DATASET CONTENT:
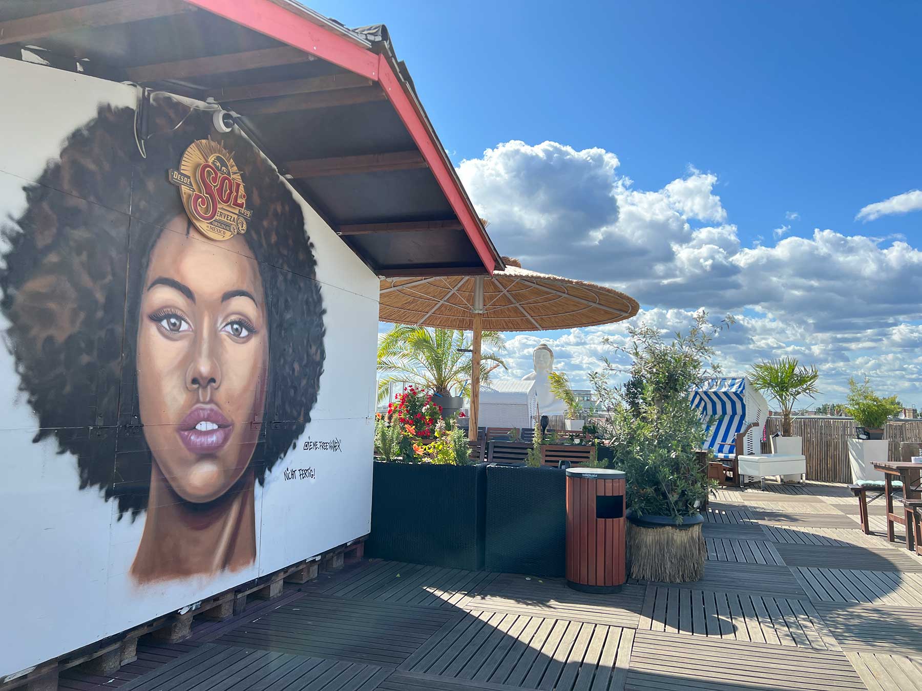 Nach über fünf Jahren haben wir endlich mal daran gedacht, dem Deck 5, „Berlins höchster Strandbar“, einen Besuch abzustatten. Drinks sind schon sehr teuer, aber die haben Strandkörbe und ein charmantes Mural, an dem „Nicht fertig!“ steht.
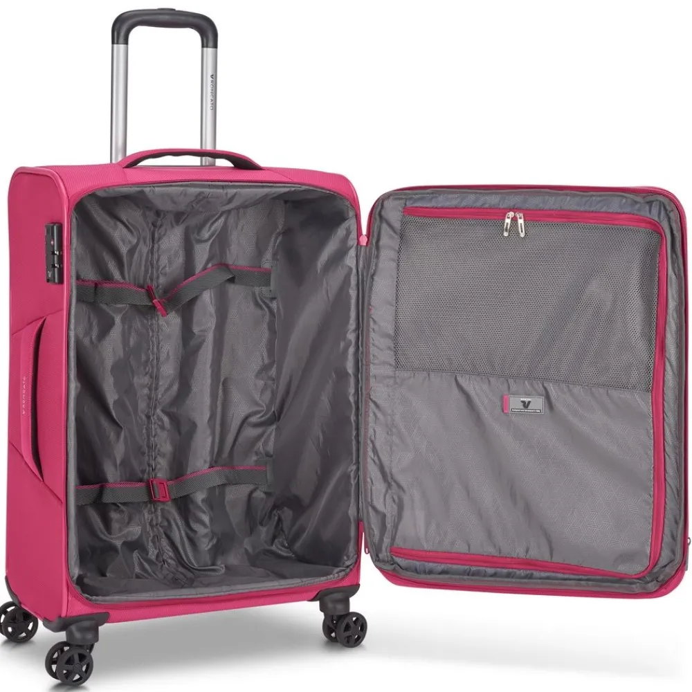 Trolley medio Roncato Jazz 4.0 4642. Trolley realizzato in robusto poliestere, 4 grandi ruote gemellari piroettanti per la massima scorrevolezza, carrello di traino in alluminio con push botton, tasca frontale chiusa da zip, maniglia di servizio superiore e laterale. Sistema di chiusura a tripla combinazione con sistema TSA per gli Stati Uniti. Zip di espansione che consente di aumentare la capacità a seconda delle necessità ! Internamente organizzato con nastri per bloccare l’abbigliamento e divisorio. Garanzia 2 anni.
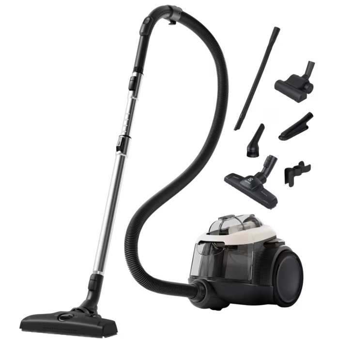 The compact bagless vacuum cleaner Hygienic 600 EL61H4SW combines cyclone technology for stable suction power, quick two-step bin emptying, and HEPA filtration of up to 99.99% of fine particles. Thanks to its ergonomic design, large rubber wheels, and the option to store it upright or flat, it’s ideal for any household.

TASK TO COMPLETE: Exclude every picture, then reproduce the remaining data character for character.

RESULT OF THIS EXERCISE:
 Nach über fünf Jahren haben wir endlich mal daran gedacht, dem Deck 5, „Berlins höchster Strandbar“, einen Besuch abzustatten. Drinks sind schon sehr teuer, aber die haben Strandkörbe und ein charmantes Mural, an dem „Nicht fertig!“ steht.
 Trolley medio Roncato Jazz 4.0 4642. Trolley realizzato in robusto poliestere, 4 grandi ruote gemellari piroettanti per la massima scorrevolezza, carrello di traino in alluminio con push botton, tasca frontale chiusa da zip, maniglia di servizio superiore e laterale. Sistema di chiusura a tripla combinazione con sistema TSA per gli Stati Uniti. Zip di espansione che consente di aumentare la capacità a seconda delle necessità ! Internamente organizzato con nastri per bloccare l’abbigliamento e divisorio. Garanzia 2 anni.
 The compact bagless vacuum cleaner Hygienic 600 EL61H4SW combines cyclone technology for stable suction power, quick two-step bin emptying, and HEPA filtration of up to 99.99% of fine particles. Thanks to its ergonomic design, large rubber wheels, and the option to store it upright or flat, it’s ideal for any household.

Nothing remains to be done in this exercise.